CRÔNICA: Meia-noite na Mooca

avenida paulista

Era uma noite escura de profunda imensidão quando adentrei a passos largos uma padaria do bairro da Mooca, em São Paulo. O balcão sujo contrastava com o luminoso salão de onde podia se ver, ao fundo, três rapazes e uma moça que pareciam ter vindo de outra galáxia.

Miriam tinha um cabelo curtíssimo e usava uma calça boca de sino, com o cano molhado das poças de chuva das ruas. Raul vestia uma jaqueta estilo Elvis Presley e tinha uma barba imensa, onde guardava um inesperado cigarro. Edir gesticulava enquanto falava, e usava roupas largas, que disfarçavam sua gordura. Sérgio usava uma camiseta estampada com o Mickey preto e branco e uma calça que superava o umbigo.

No canto fundo do recinto, a luz do salão não alcançava, permitindo aos tais uma privacidade única que logo seria interrompida por mim. Aproximei-me do grupo e acendi um cigarro. Conversavam tão animadamente que não perceberam minha presença. Ao balcão, pedi um café e um pão na chapa. Raul, então, levantou-se e disse:

        – Bicho, que fome! Me descola um pedaço desse pãozinho.

Prontamente assenti com a cabeça e passei para ele o pratinho de vidro fosco. Miriam levantou-se, pegou uma caixinha de fósforo sobre o balcão e chamou-me para fazer parte da roda. Na caixinha, a moça começou a batucar, enquanto Sérgio cantarolava a letra de uma música que lia na palma da mão.
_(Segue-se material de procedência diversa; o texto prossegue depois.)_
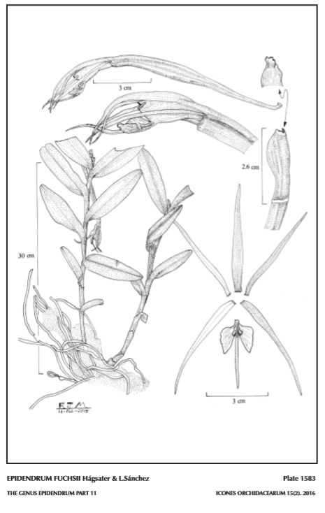 Common Name The New E fuchsii Epidendrum [New name to correct the incorrect name E fuchsii Hagsater etc 2016 which originally was named In honor of Hans Peter Fuchs-Eckert (1928-1999), Swiss botanist and pteridologist, who collected the type.]

.O mundo parecia ter parado naquele momento. Queria eu ter uma câmera fotográfica e registrar aquela noite, mas só tinha uma caneta e um guardanapo, em que escrevi estas torpes linhas. Após madrugada adentro de papo-cabeça, nos despedimos. Meses depois, tive notícias dos quatro pelos jornais. Haviam formado uma sociedade.

 A Sociedade da Grã-Ordem Kavernista.